After I landed a role with a new organization and applied digital forensic concepts full-time, I revisited my interest to learn how to use XWF and tackle the certification.

I signed up for X-Ways’ four-day forensics course, along with a X-PERT certification attempt in 2021.  I also took advantage of an option to purchase a discounted perpetual license of XWF.  The course delivered XWF content, as advertised.  It was great!  The course described how to efficiently utilize specific XWF functionalities and how it works.  However, after trying to read the manual for the first time, I recognized I needed to exert additional effort to really understand how to use XWF before attempting the X-PERT certification.

I appreciate the manual very much.  Every time I reference it, I learn more about the program.   As a new user (of anything), however, I need generalized concepts to keep me grounded when I encounter new, highly technical, topics.  That was when I reached out to my shelf and cracked open the X-Ways Forensics Practitioner’s Guide 1E again.  It was apparent the software changed considerably since the guide was written.  The guide, at least, was helpful for me to read something other than the manual and used it to jot down what I observed that was different.

When I attempted the X-PERT exam – I knew I failed it before it ended.

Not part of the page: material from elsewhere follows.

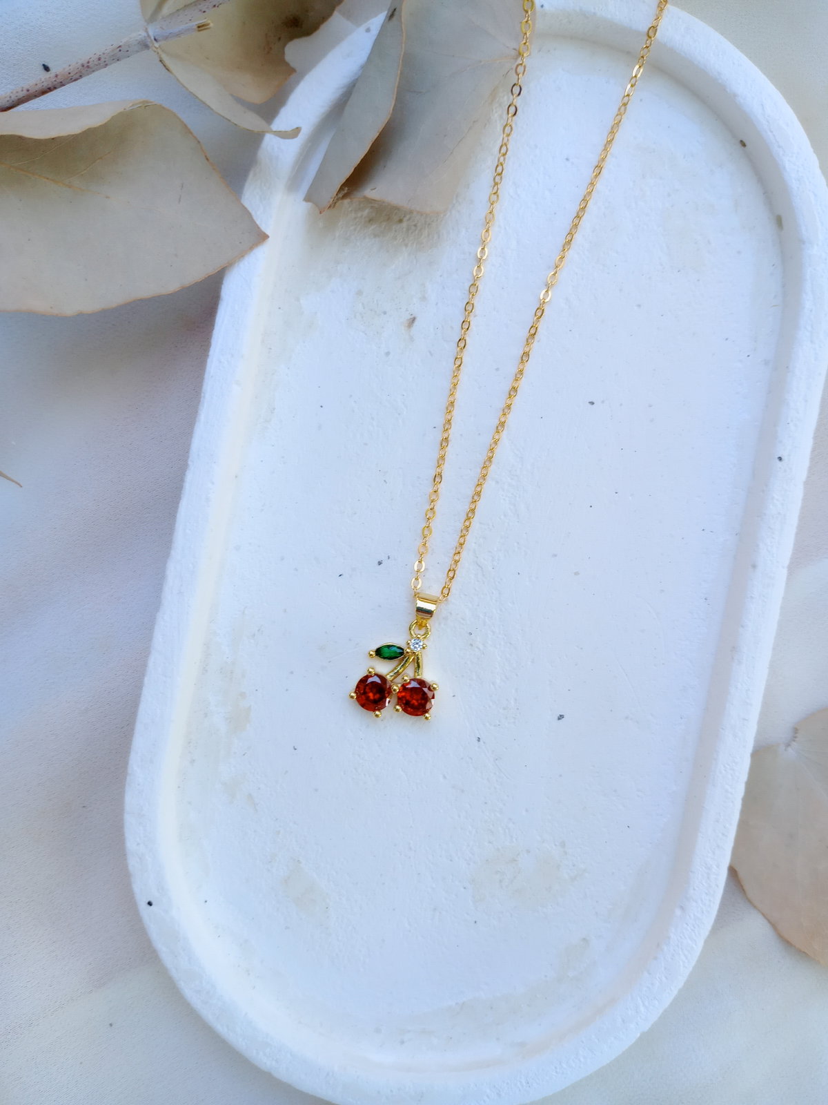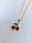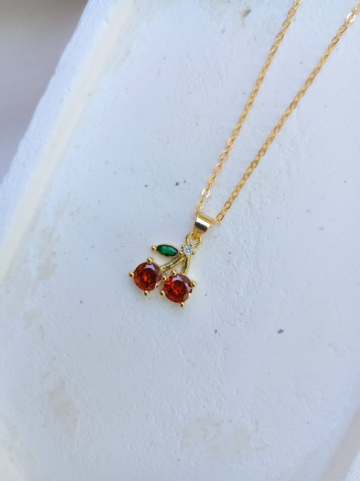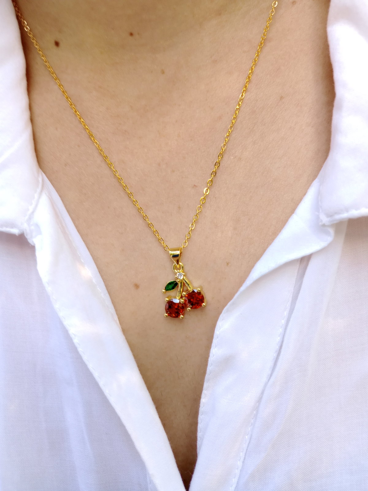 Colgante en oro laminado en 18 kilates. Cadenita estilo espejo, largo 45 cm de largo. Dije de cereza con cúbic en rojo y verde.

I was disappointed, but in good spirits.  1) I understood the exam was intended to be difficult.  2) Soon after my attempt, I became a dad. 

I took a break from XWF to adapt to my new role as a parent.

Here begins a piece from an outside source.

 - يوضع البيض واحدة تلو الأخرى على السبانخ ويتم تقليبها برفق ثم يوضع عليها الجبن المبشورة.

Several months passed before I revisited XWF.  For me, the challenge was remembering where certain checkboxes are located and understanding how combinations of the checkboxes affect functionality.  These are the things I did that I found helpful:

1. I read the manual and performed exercises to try out specific XWF functions. 
2. I created brief scenarios and wrote down processes/workflows to address them.  I cross referenced those processes/workflows to pages in the manual.
3. Used XWF on CTF images I participated in.
4. Created my own RAIDs to understand how to reconstruct them.
5. Visited and searched the forum if I found myself stuck.  Before I posted a question, I spent even more time to eliminate myself as the problem.

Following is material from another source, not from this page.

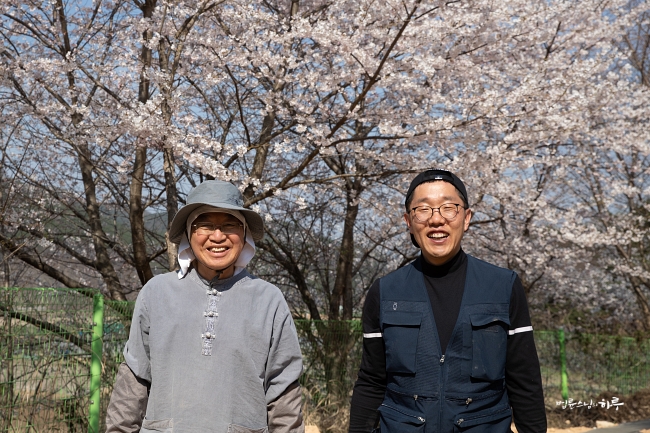 점심시간에는 김제동 씨가 찾아왔습니다. 김제동 씨는 내일 코로나 바이러스로 고생하는 대구의 간호사들을 위로하기 위해 위문품을 가지고 대구로 가기로 했는데, 대구에 먼저 갔다가 오면 스님에게 위험할까봐 먼저 와서 하루를 같이 보내고 내일 오후에 간호사들을 위문하러 간다고 합니다. 함께 식사를 하고 오후부터 농사일을 함께 했습니다. 벚꽃으로 둘러싸인 밭에 농사 도구를 챙겨 올라갔습니다.

All these things increased my confidence and competency as a XWF user.  Fortunately, all this preparation also allowed me to seize an unexpected opportunity.

When Brett Shavers announced he was offering a live XWF class, I knew I had to sign up (Yes, the class was great, too!). It was also around that time I learned Shavers was accepting contributions for the new edition of the X-Ways Forensics Practitioner’s Guide. I had a few processes written down, so why not? Self-doubt.

I almost didn’t submit anything, but I eventually got over myself.  After I submitted a draft, and a revision, I let it go.  I was focused on preparing for my second attempt at the X-PERT exam.

Despite an “advantage” of previously taking the exam, it was still difficult.  However, I was elated to learn that I passed the exam.  It wasn’t long after my successful attempt at the X-PERT exam that I learned that my contribution made it to *the* X-Ways Forensics Practitioner’s Guide.  Now that I finally received my copy, I’m eager to work through the guide and learn about other contributors’ workflows.

In the introduction, a statement on Shavers’ intended audience caught my attention. Shavers writes, “One unintended benefit for XWF users is that by understanding how XWF works […], users are exposed to a greater depth of forensics.  There is no better way to learn forensics than to have granular control of the data being examined…”

Based on my growth with XWF, that is spot-on.

Eric Zimmerman’s advice six years ago remains true today, “learn the data, learn forensic concepts, learn to tell a story.” Learn how to effectively use XWF and you’ll likely learn some forensics on the way.